In 2019, URW announced a similar redevelopment project at Garden State Plaza in Bergen County, New Jersey, bringing hotels, luxury apartments, offices, outdoor spaces and a dining district to the shopping destination.

“We’re really focused on making communities that are very foot traffic-friendly, which does not actually come as the first thing you think of when you think of a regional mall,” Fluhr said.

“But this is one of the many ways that we’re focused on making our properties more sustainable, bringing people to the site that can enjoy it 24/7/365. Once they get their car there and they park, that’s where they are, and everything that they need is going to be on-site.”

URW's concept of transforming old malls into cities and villages reflects the decadelong trend of diversifying mall offerings writ large. And according to Ethan Chernofsky, vice president of marketing at Placer.ai, such projects could also pave the way for a resurgence of lower-tier shopping centers.

Over the past five to 10 years, operators have reduced their focus on apparel and beauty, he said, expanding to include more offerings like housing, pop-up experiences, fitness centers, health clinics, increased food options and entertainment sites. Whereas malls used to be 70% to 80% beauty and apparel stores, now it is more like 50%. 

“It gives more reasons to visit, so it’s not just, I want to go buy clothes,’” Chernofsky said. “It’s ‘I need to go visit the dentist. I want to go to the spa. I have a health treatment. I want to go look at a car.’”

This shift stands to bring more people to the mall at different times throughout the week and provide more spaces where people want to hang out, especially as people increasingly live and work at these developments. 

"That’s a really important shift for malls in general because it basically says, ‘I’m increasing the number of reasons you have to visit, I’m increasing the amount of time you’re going to spend there,’" he said. "Because apart from the trope of an ’80s mall where when you shop, you have 80 bags on your arms, it’s just not what people want to do anymore.”

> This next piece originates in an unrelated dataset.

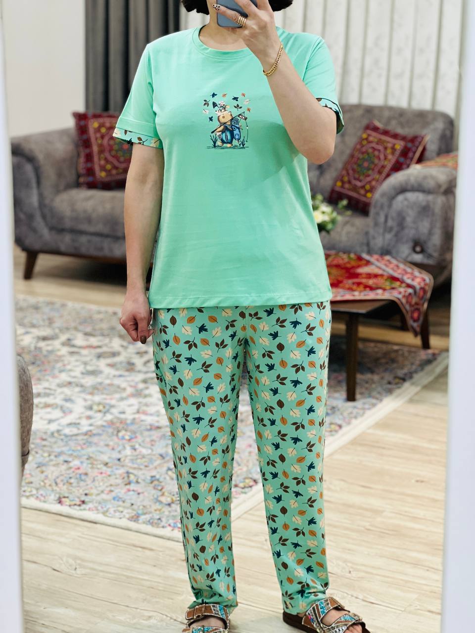جنس تیشرت پنبه تک رو / جنس شلوار پنبه / چاپ و رنگ ثابت / حدودا 10 سانت کشسانی دارد / قواره ی هر تولیدی با تولیدی دیگر متفاوت است لطفا حتما سانت در نظر بگیرید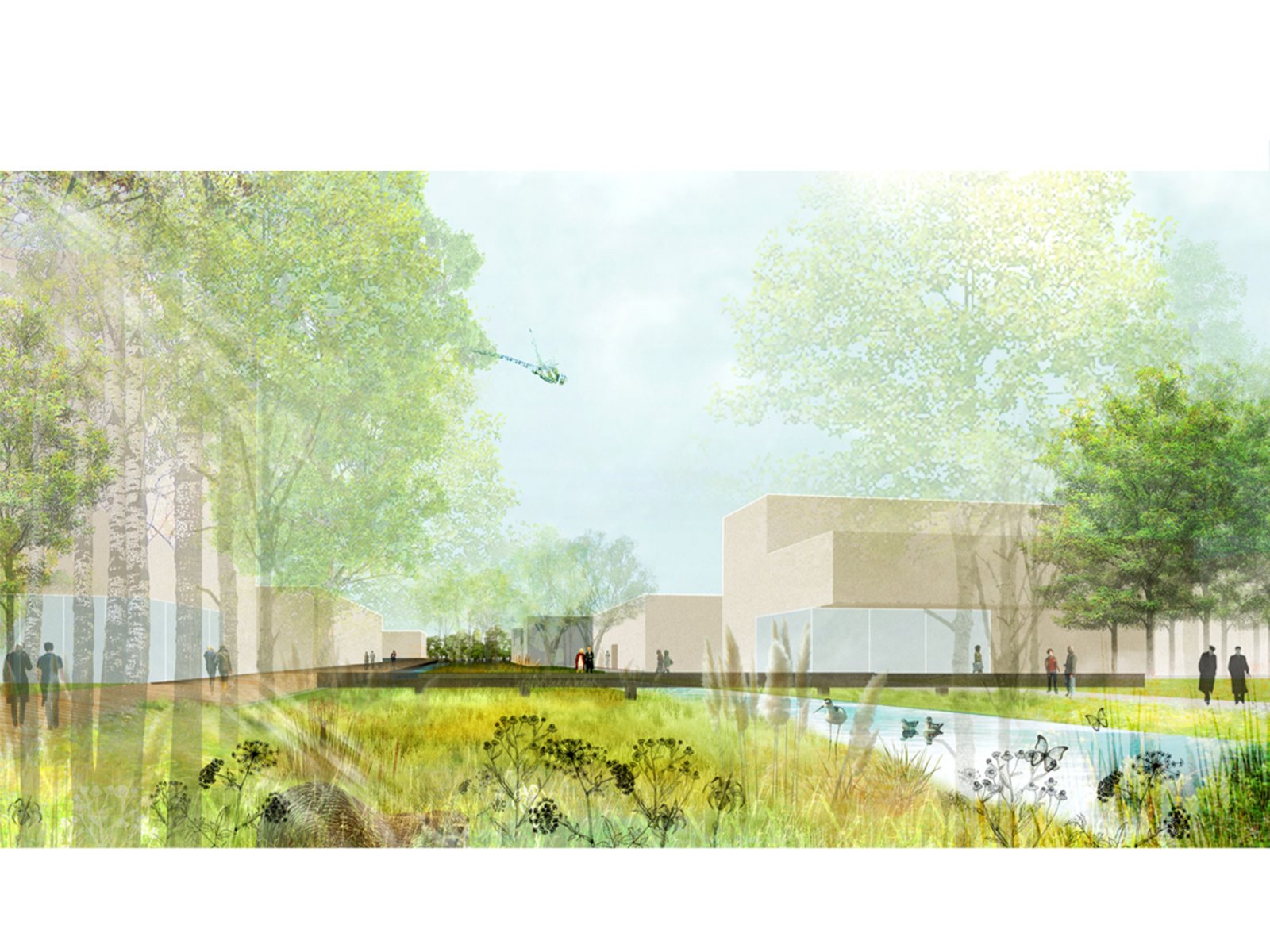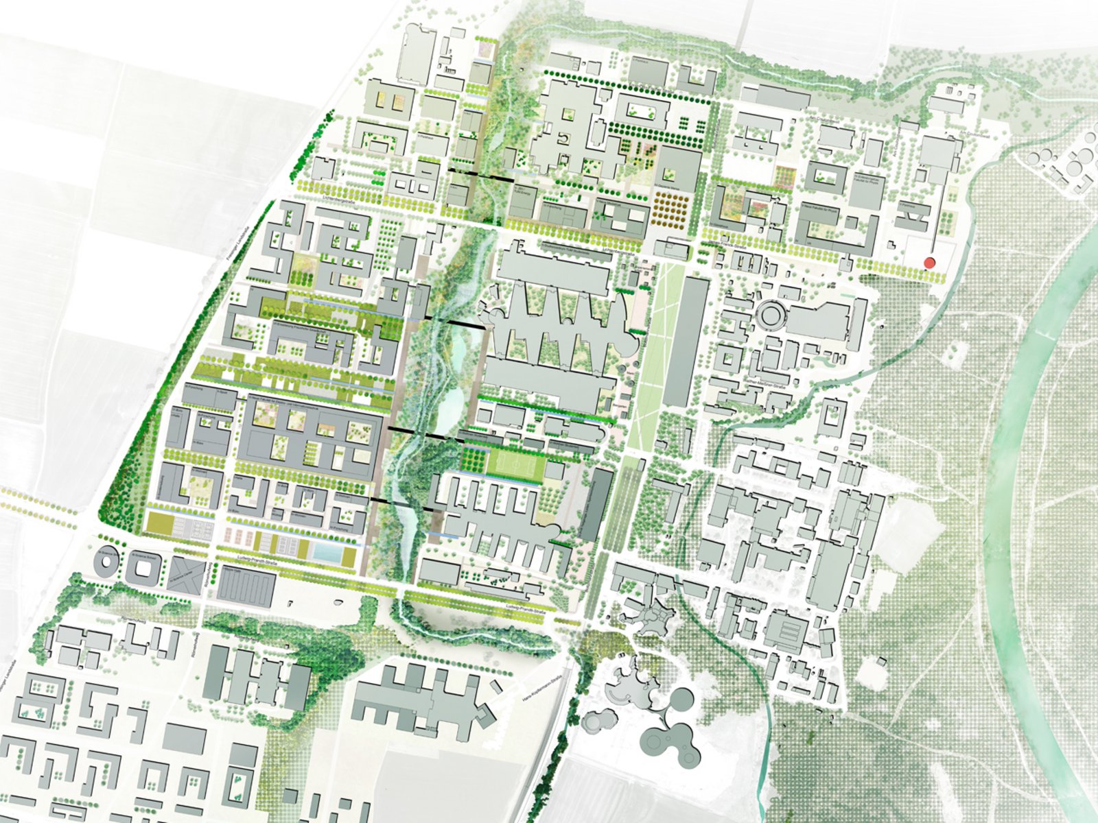 Die bestehenden Freiräume entlang des Garchinger Mühlbachs und des Wiesäckerbachs werden zu einer Zone mit erhöhtem Biotopwert weiterentwickelt, die das Campusareal durchzieht. Diese Grünen Spange formt das Rückgrat der Science City und schafft Verbindungen entlang der Wasserläufe zur den Isarauen als auch nach Garching. Eine Folge von Stegen und Plattformen entlang der Grünen Spange schafft einen klaren Übergang zwischen Gebäuden und Freiraum.

Despite visits to indoor and open-air malls being down 6.4% and 5.4%, respectively, year-over-year in November 2022, Chernofsky said mixed-use investments at high-end malls might end up increasing traffic at other malls too.

For instance, retailers that no longer have a space at upscale malls will need new locations and might find themselves relocating to strip malls, main streets or Class-B malls, he said.

“Our theory is that you’re going to see a waterfall effect where you’re going to see retailers that were struggling to stand out amongst the noise of these major top-tier malls are now going to have the chance to be bigger fish in smaller ponds," Chernofsky said, adding that dynamic could "roll out to a wider resurgence of malls."